JAMオムロン労組の資料を受贈しました

 デジタル血圧計で知られている*1オムロン株式会社には労組が二つあります。そのうち、第一組合(でも少数派)であるJAMオムロン労組が32年の活動の幕を閉じてこのたび解散することになりました。
 ついては、所蔵するすべての記録資料をエル・ライブラリーに寄贈したいとのお申し出があり、昨日、資料引き取りのために、国会図書館関西館の隣(といっても離れている)にある「オムロン株式会社京阪奈イノベーションセンタ」に行ってきました。
 一部の図書・雑誌を除く記録資料のすべてを段ボール50箱分、頂戴しました。この資料寄贈にあたって、JAMオムロン労組からは資料保存・整理費用の一部として、20万円の寄付をいただきました。記して謝意を表します。

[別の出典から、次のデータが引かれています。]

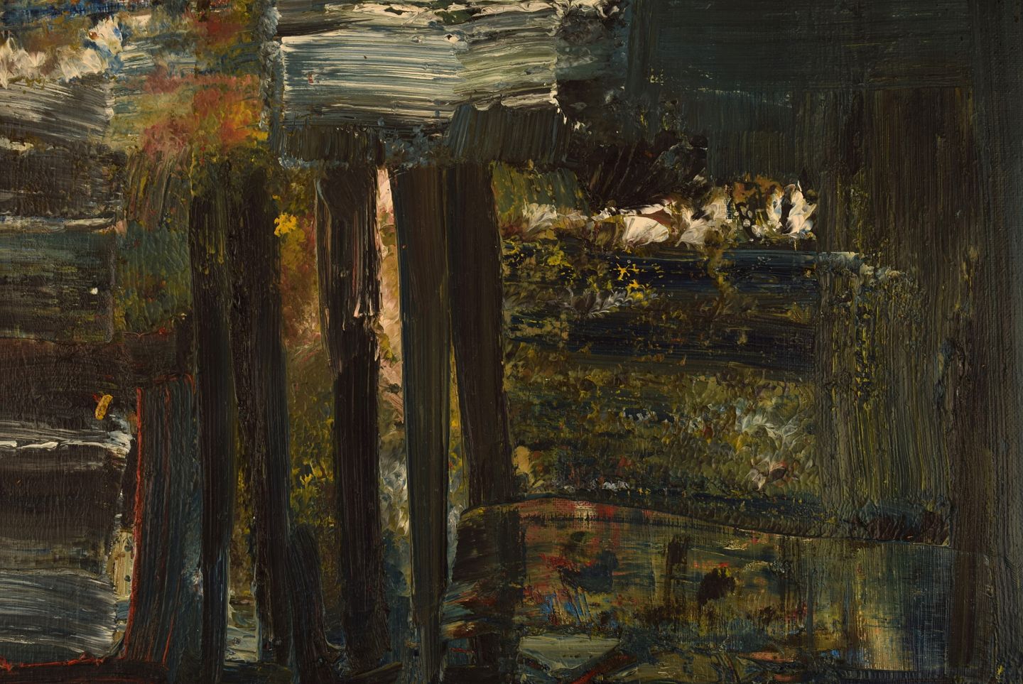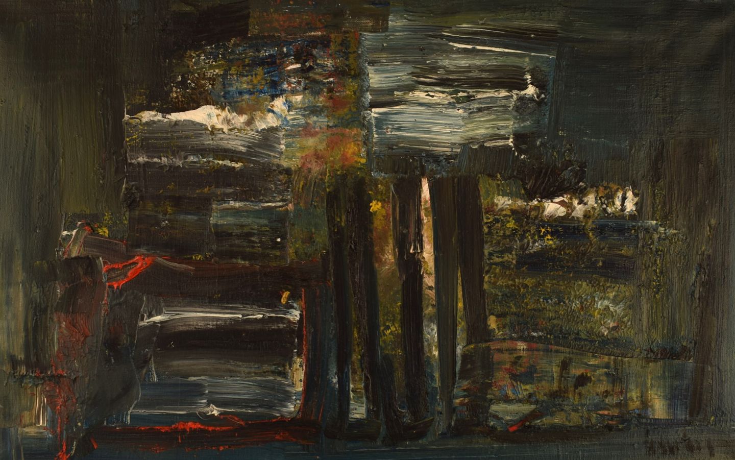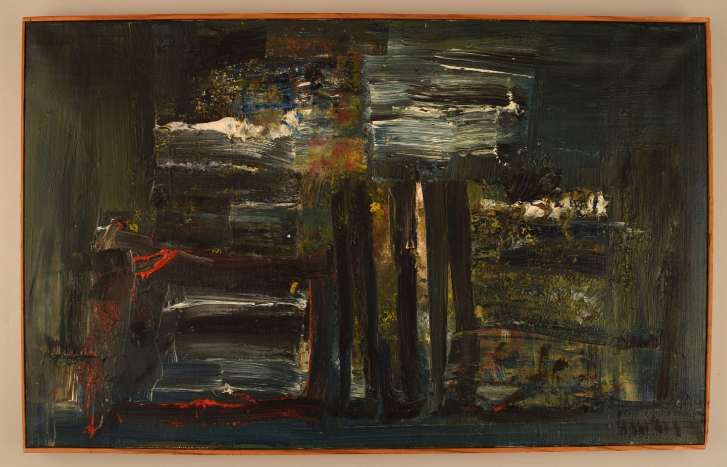 Ubekendt kunstner. Olie på lærred. Abstrakt komposition. Midt 1900-tallet.

 写真は頂戴した資料のうち、DVDなどの電子資料。紙媒体の記録資料の整理は来春以降の予定です。その整理・目録化にあたっても、JAMオムロン労組OBの皆さんがボランティアでの協力を申し出てくださっています。
 企業や組織の活動記録は自分たちが生きた証でもあります。その資料を大切に保管し、整理して次世代に残すことは、歴史を紡いだ人々の労苦と喜びを共有し、教訓を得ることにつながるでしょう。社会構成員の連帯意識や異世代の共感を生み出す一助となれれば、アーキビストとしてこれ以上の喜びはありません。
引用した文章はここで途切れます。